Extracted entries:
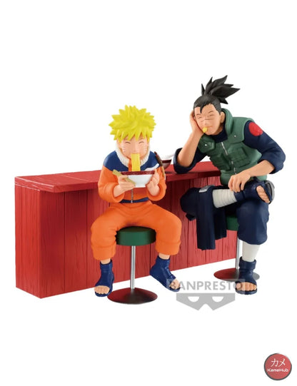 Uzumaki Naruto and Iruka Sensei at Ichiraku's Ramen Action Figure Original Bandai Banpresto Complete Set 2 Pcs of 18cm in PVC.
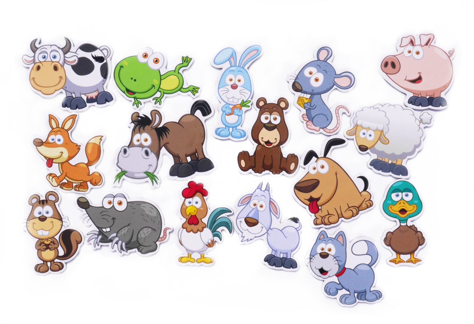 - krowa, żaba, królik, szczur, świnia, owca, pies, kaczka, kot, koza, kogut, kret, wiewiórka, lis, koń, miś
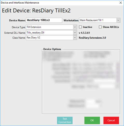 - Each interface, and therefore, each Till Extension will have different Device Options that are distinct to the interface
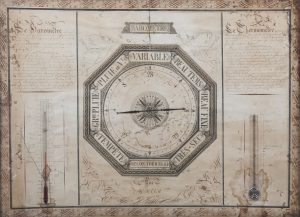 BAROMÈTRE. c. 1800, 72 x 93 x 6 cm. Baromètre en papier sous cadre en bois noirci. Il s'agit d'un instrument de mesure, utilisé en physique et en météorologie, qui sert à mesurer la pression atmosphérique. Signé Mozella. Étonnant décor...
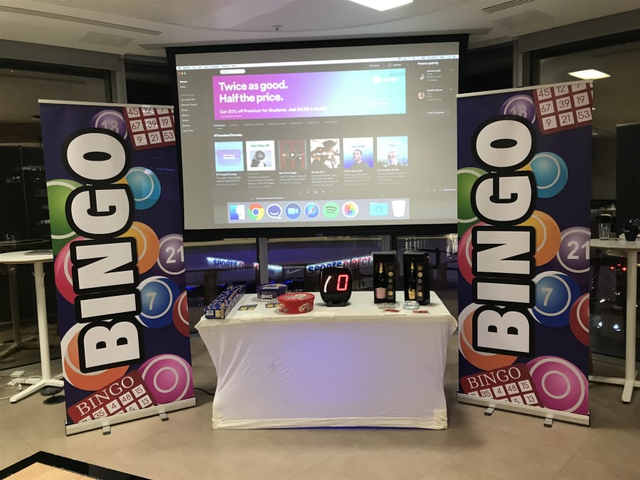 With our Bingo hire, we can turn your indoor event, office, function room or conference venue into a prize bingo hall in minutes. Our Bingo hire packages are supplied complete with bingo caller, pull up bingo branding, bingo cards, dabbers, PA system and bingo machine. All you need to supply is the bingo players and bingo prizes. The bingo hire is suitable for indoors or marquee use. The bingo machine requires a electric power supply.
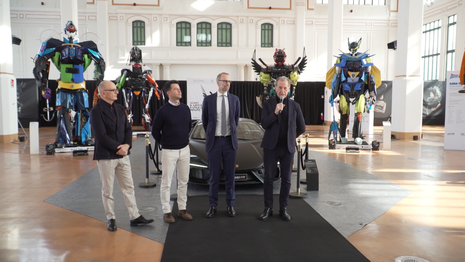 A completare la sezione, 16 fotografie firmate da Andrea Varani, che ritraggono modelle che indossano le creazioni Scart. La seconda sezione è composta da sei paladini dell'ambiente - sculture alte 450 cm realizzate con materiali di scarto provenienti dalle linee produttive di Automobili Lamborghini -, accompagnati da una supersportiva Lamborghini.
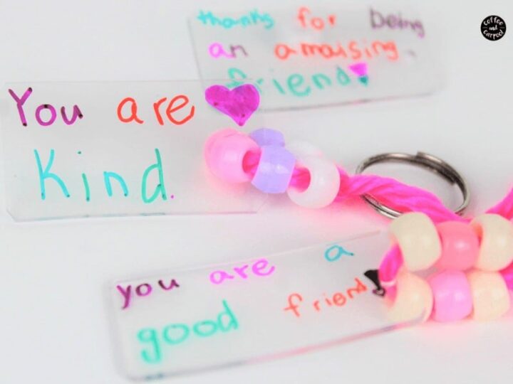 Make your own shrinky dink keychains - a perfect gift for kids to give their friends.
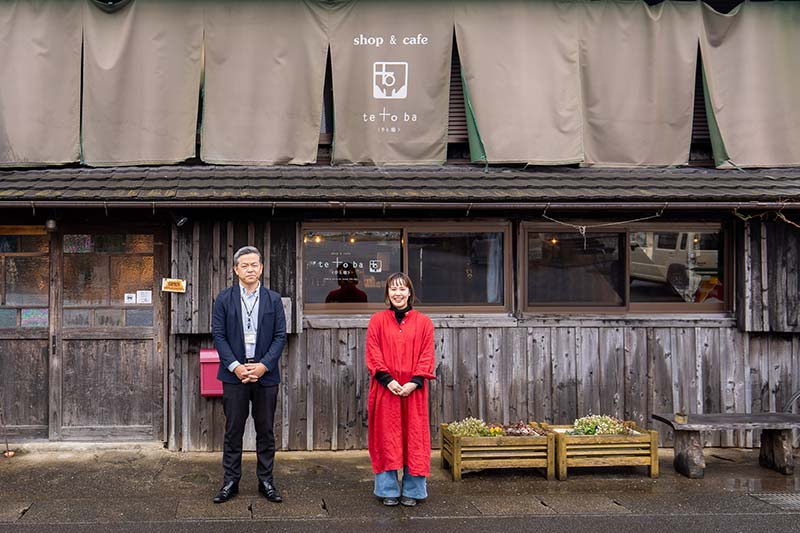 長崎県五島列島富江町に位置し、かつお節店だった築140年の空き家を地域住民と”手と手をあわせて”改装し営業しています。カフェを経営する傍ら、「五島 手しごと市」の開催やデザインなどその活動は多岐にわたります。2020年には宿泊施設「ホステルta bi to <旅人>」がオープン。近年ではte to ba<手と場>によるウエディング事業「Goto Wedding」を手がけています。
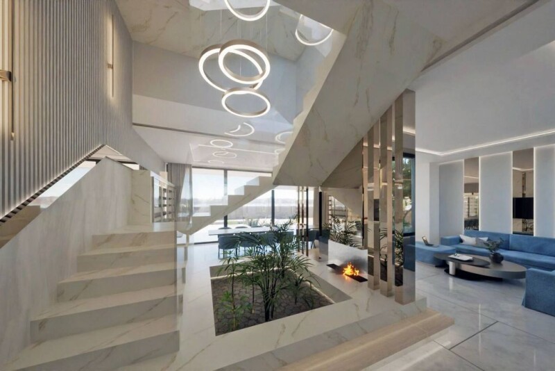 Villa Mirage is a luxurious designer villa under construction. It is located in an attractive area near Zadar, a city renowned for its numerous historical landmarks, famous tourist attractions, and vibrant entertainment offerings. It is positioned on a hillside and provides a stunning view of the crystal-clear sea. With its perfect blend of privacy, elegance, and proximity to all necessary amenities, this villa is an ideal place for peaceful family living or an unforgettable vacation. The villa is set on a 1.020 m2 plot and spans 500 m2 of living space, elegantly distributed across 3 floors. Every room has been meticulously designed, focusing on high quality and functionality standards while maintaining a perfect balance between elegance and comfort. The open-concept ground floor includes a living room, kitchen, and dining area, where the spacious layout offers abundant natural light and uninterrupted sea views thanks to large glass walls. The living room opens onto a covered terrace, where you’ll find a beautiful pool with a sunbathing area and a comfortable lounge zone, ideal for relaxation and enjoyment. This floor also features a gym, sauna, bathroom, and entertainment room. The villa’s first floor houses four spacious and elegant bedrooms, each with its own en-suite bathroom and walk-in closet. All rooms have access to a shared covered terrace with a sea view. What sets Villa Mirage apart is the spectacular rooftop terrace with a pool, offering a panoramic sea view, and is an ideal place for complete relaxation and enjoyment. Wine enthusiasts will also be delighted by the exclusive wine wall storage, which completes this luxurious property. All villa floors are connected by an internal staircase and elevator, with two garage spaces and two outdoor parking spots available. During the construction, only the highest quality materials and equipment are used, with special attention given to design details. The villa is expected to be completed in the summer of 2025. The villa is sold fully furnished and equipped. Villa Mirage is a unique property that perfectly combines luxury, elegance, privacy, functionality, and a prime location near the sea.
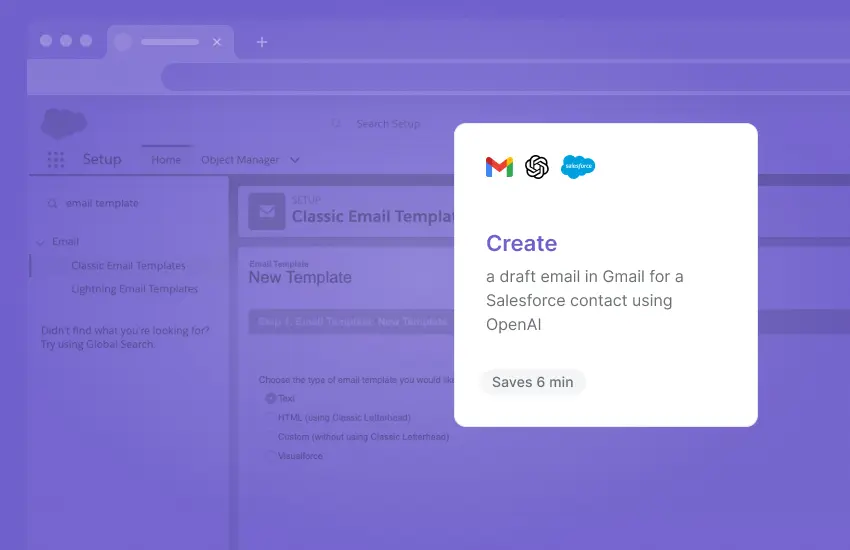 This automation will generate an email (and subject line) in Gmail for any Salesforce contact based on your prompt. It’ll also take the contact’s details into consideration for a more personalized message. Use this automation whenever you want to send an email to a Salesforce contact quickly.
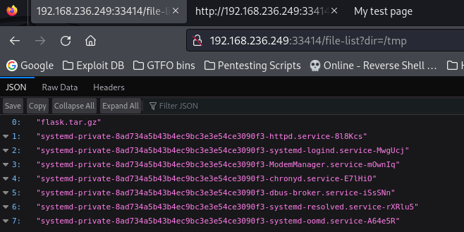 I decided to test this out by going to what it says in the website “/file-list?dir=/tmp”.
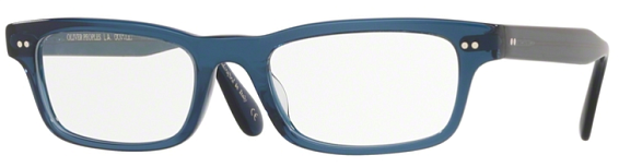 Прямоугольные очки, из материала пластик и цвете синий помогут понять основные черты новой коллекции оправ модного бренда OLIVER PEOPLES.
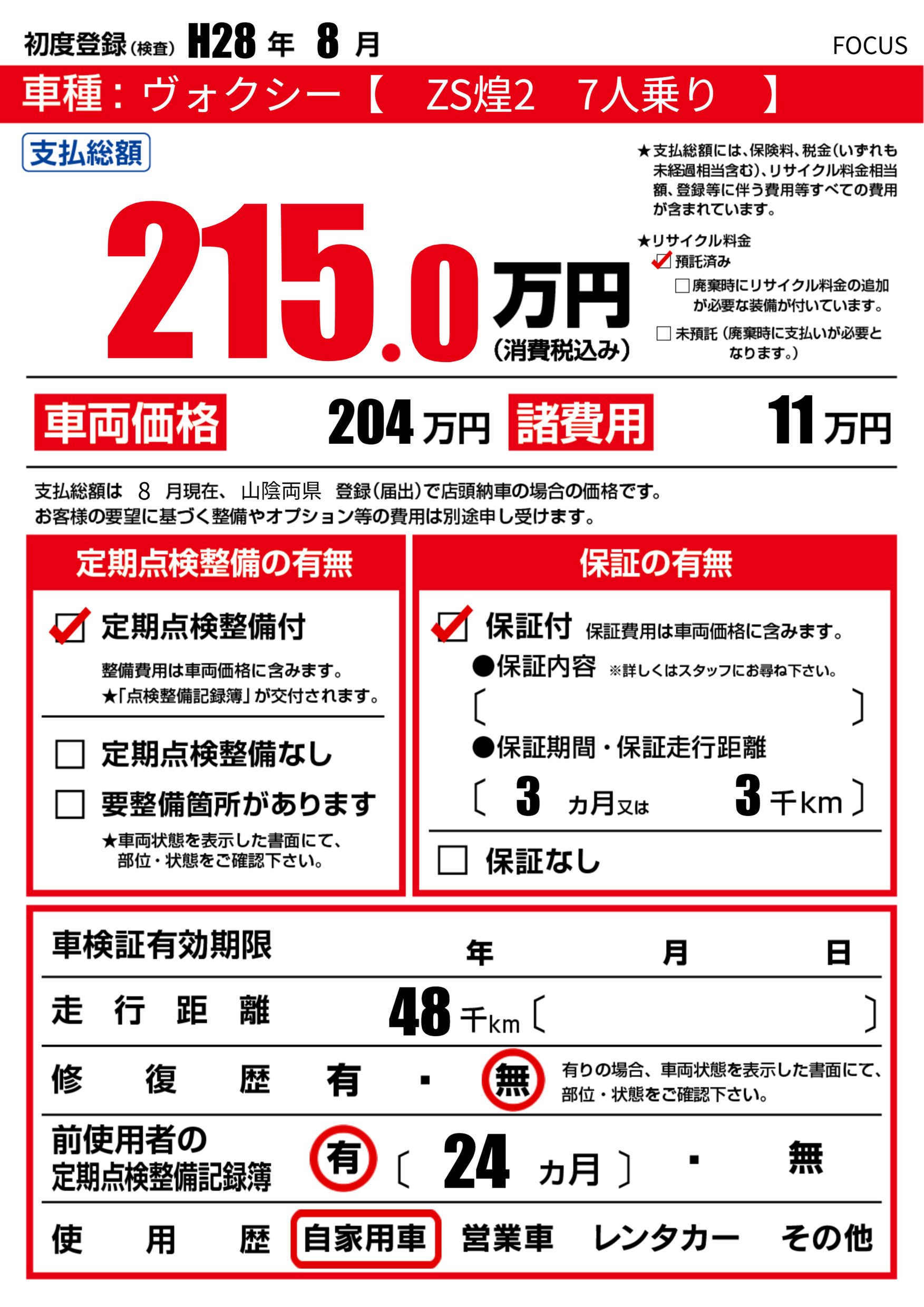 | 走行キロ | 4.8万km | 初年度登録 | H28年8月 |
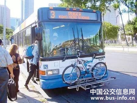①:美国的公共汽车前面都有一个自行车架,可以放两辆自行车。经常看到有人推着自行车等车,汽车来了,就径自将自行车放到架子上,然后上车。
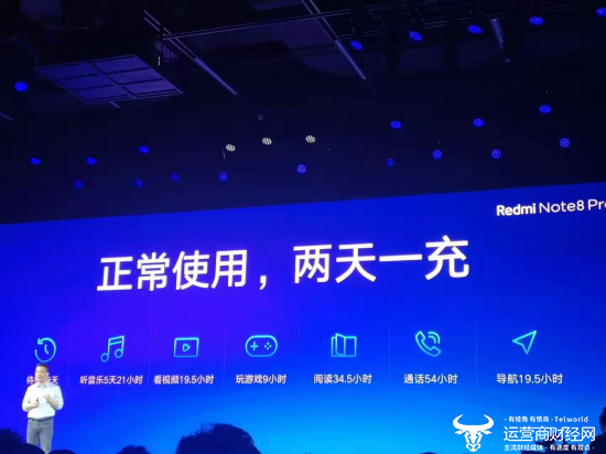 不仅如此,卢伟冰指出Redmi Note 系列是迄今为止最大电量手机,Redmi Note 8 Pro拥有4500mAH超大电量,正常使用,可以两天一充。
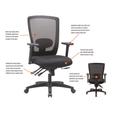 Alera Envy Series Mesh Mid-Back Multifunction Chair, Supports Up to 250 lb, 17" to 21.5" Seat Height, Black

Activity: Could you restate every entry above word for word, leaving out the pictures?

Answer:
 Uzumaki Naruto and Iruka Sensei at Ichiraku's Ramen Action Figure Original Bandai Banpresto Complete Set 2 Pcs of 18cm in PVC.
 - krowa, żaba, królik, szczur, świnia, owca, pies, kaczka, kot, koza, kogut, kret, wiewiórka, lis, koń, miś
 - Each interface, and therefore, each Till Extension will have different Device Options that are distinct to the interface
 BAROMÈTRE. c. 1800, 72 x 93 x 6 cm. Baromètre en papier sous cadre en bois noirci. Il s'agit d'un instrument de mesure, utilisé en physique et en météorologie, qui sert à mesurer la pression atmosphérique. Signé Mozella. Étonnant décor...
 With our Bingo hire, we can turn your indoor event, office, function room or conference venue into a prize bingo hall in minutes. Our Bingo hire packages are supplied complete with bingo caller, pull up bingo branding, bingo cards, dabbers, PA system and bingo machine. All you need to supply is the bingo players and bingo prizes. The bingo hire is suitable for indoors or marquee use. The bingo machine requires a electric power supply.
 A completare la sezione, 16 fotografie firmate da Andrea Varani, che ritraggono modelle che indossano le creazioni Scart. La seconda sezione è composta da sei paladini dell'ambiente - sculture alte 450 cm realizzate con materiali di scarto provenienti dalle linee produttive di Automobili Lamborghini -, accompagnati da una supersportiva Lamborghini.
 Make your own shrinky dink keychains - a perfect gift for kids to give their friends.
 長崎県五島列島富江町に位置し、かつお節店だった築140年の空き家を地域住民と”手と手をあわせて”改装し営業しています。カフェを経営する傍ら、「五島 手しごと市」の開催やデザインなどその活動は多岐にわたります。2020年には宿泊施設「ホステルta bi to <旅人>」がオープン。近年ではte to ba<手と場>によるウエディング事業「Goto Wedding」を手がけています。
 Villa Mirage is a luxurious designer villa under construction. It is located in an attractive area near Zadar, a city renowned for its numerous historical landmarks, famous tourist attractions, and vibrant entertainment offerings. It is positioned on a hillside and provides a stunning view of the crystal-clear sea. With its perfect blend of privacy, elegance, and proximity to all necessary amenities, this villa is an ideal place for peaceful family living or an unforgettable vacation. The villa is set on a 1.020 m2 plot and spans 500 m2 of living space, elegantly distributed across 3 floors. Every room has been meticulously designed, focusing on high quality and functionality standards while maintaining a perfect balance between elegance and comfort. The open-concept ground floor includes a living room, kitchen, and dining area, where the spacious layout offers abundant natural light and uninterrupted sea views thanks to large glass walls. The living room opens onto a covered terrace, where you’ll find a beautiful pool with a sunbathing area and a comfortable lounge zone, ideal for relaxation and enjoyment. This floor also features a gym, sauna, bathroom, and entertainment room. The villa’s first floor houses four spacious and elegant bedrooms, each with its own en-suite bathroom and walk-in closet. All rooms have access to a shared covered terrace with a sea view. What sets Villa Mirage apart is the spectacular rooftop terrace with a pool, offering a panoramic sea view, and is an ideal place for complete relaxation and enjoyment. Wine enthusiasts will also be delighted by the exclusive wine wall storage, which completes this luxurious property. All villa floors are connected by an internal staircase and elevator, with two garage spaces and two outdoor parking spots available. During the construction, only the highest quality materials and equipment are used, with special attention given to design details. The villa is expected to be completed in the summer of 2025. The villa is sold fully furnished and equipped. Villa Mirage is a unique property that perfectly combines luxury, elegance, privacy, functionality, and a prime location near the sea.
 This automation will generate an email (and subject line) in Gmail for any Salesforce contact based on your prompt. It’ll also take the contact’s details into consideration for a more personalized message. Use this automation whenever you want to send an email to a Salesforce contact quickly.
 I decided to test this out by going to what it says in the website “/file-list?dir=/tmp”.
 Прямоугольные очки, из материала пластик и цвете синий помогут понять основные черты новой коллекции оправ модного бренда OLIVER PEOPLES.
 | 走行キロ | 4.8万km | 初年度登録 | H28年8月 |
①:美国的公共汽车前面都有一个自行车架,可以放两辆自行车。经常看到有人推着自行车等车,汽车来了,就径自将自行车放到架子上,然后上车。
 不仅如此,卢伟冰指出Redmi Note 系列是迄今为止最大电量手机,Redmi Note 8 Pro拥有4500mAH超大电量,正常使用,可以两天一充。
 Alera Envy Series Mesh Mid-Back Multifunction Chair, Supports Up to 250 lb, 17" to 21.5" Seat Height, Black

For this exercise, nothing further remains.